Tuesday, October 12, 2010


Lately, every post here needs to read, "I'm still alive." As a writer, potentially. Notwithstanding the ravages of class projects to grade, academic papers that won't die, sinus infection, child-related events that must be attended.

But this potential "I" is still alive and perhaps a period of thriving is upon me. Even though it is undoubtedly a terrible idea, I intend to write my 50,000 words this November. Perhaps I will set a personal goal of 60,000 so that I might be permitted to fall short. As far as I can determine, only in young adult or juvenile fiction would 50,000 words count as a complete manuscript: let that be my guide. My copy of The Hero with a Thousand Faces is in the mail!
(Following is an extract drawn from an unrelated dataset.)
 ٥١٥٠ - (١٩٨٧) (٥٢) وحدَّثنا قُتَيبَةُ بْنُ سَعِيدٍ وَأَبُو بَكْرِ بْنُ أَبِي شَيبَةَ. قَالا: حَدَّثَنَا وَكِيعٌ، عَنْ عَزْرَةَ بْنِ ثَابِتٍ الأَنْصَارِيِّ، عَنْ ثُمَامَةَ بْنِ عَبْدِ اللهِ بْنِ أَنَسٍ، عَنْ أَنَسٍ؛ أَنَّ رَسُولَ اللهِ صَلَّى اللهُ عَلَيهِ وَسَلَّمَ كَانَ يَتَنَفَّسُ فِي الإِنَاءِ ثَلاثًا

In the past few days I have despaired of being able to complete a book set more than fifty miles from Beloit, WI, because it seems that my ability to travel is so limited. But that is truly untrue and just signifies cowardice, indecision, and general pusillanimity. (That last word is hard to spell and hard to say.) In fact, I do have the resources to trip along the route of my heroes' journeys; all that is required is a bit of creative fiction about my intentions, or at least some minor concessions to academic pursuits in my pandering, and I can make at least one extended visit, and perhaps two shorter visits. I am drawing the line at a ten day faculty seminar because after that I would probably be inclined to hole up in a bar in Warsaw for a week. What I need is a plausible long-term project that never has to be finished ... Perhaps a history of the Gypsies in the Slovak lands. That would put me just in the right place and the project is potentially endless, and even possibly valuable.
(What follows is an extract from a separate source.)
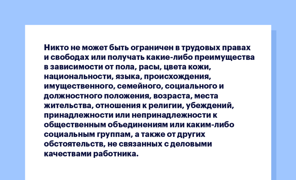 В вакансии нельзя указывать требования, которые дискриминируют работника. Это регулируется статьей 3 Трудового кодекса:

But what shall I write for NaNoWiMo? Since I have done so little actual writing of prose so far, though a great deal of planning, almost nothing related to Karpatia is off-limits. I did want to include dogs, I decided that this week when I went to a Newfoundland pulling contest. The story I'm liking is Bloehm's, starting in the parking garage in Bratislava, transported to Poland, joined up to the Wedrowniczki as a scout, sees something she's not supposed to see, imprisoned in Weiliczka Salt mines, escapes with younger child and dog (Casimir), and begins the trek southward along the Salt Road back to Bratislava.  This story ends with their capture and "detention" at Spissky Hrad by the Rromii -- Bloehm does not let on that she is Rromii by adoption, if not appearance. The rule of the In-Between is that nobody leaves.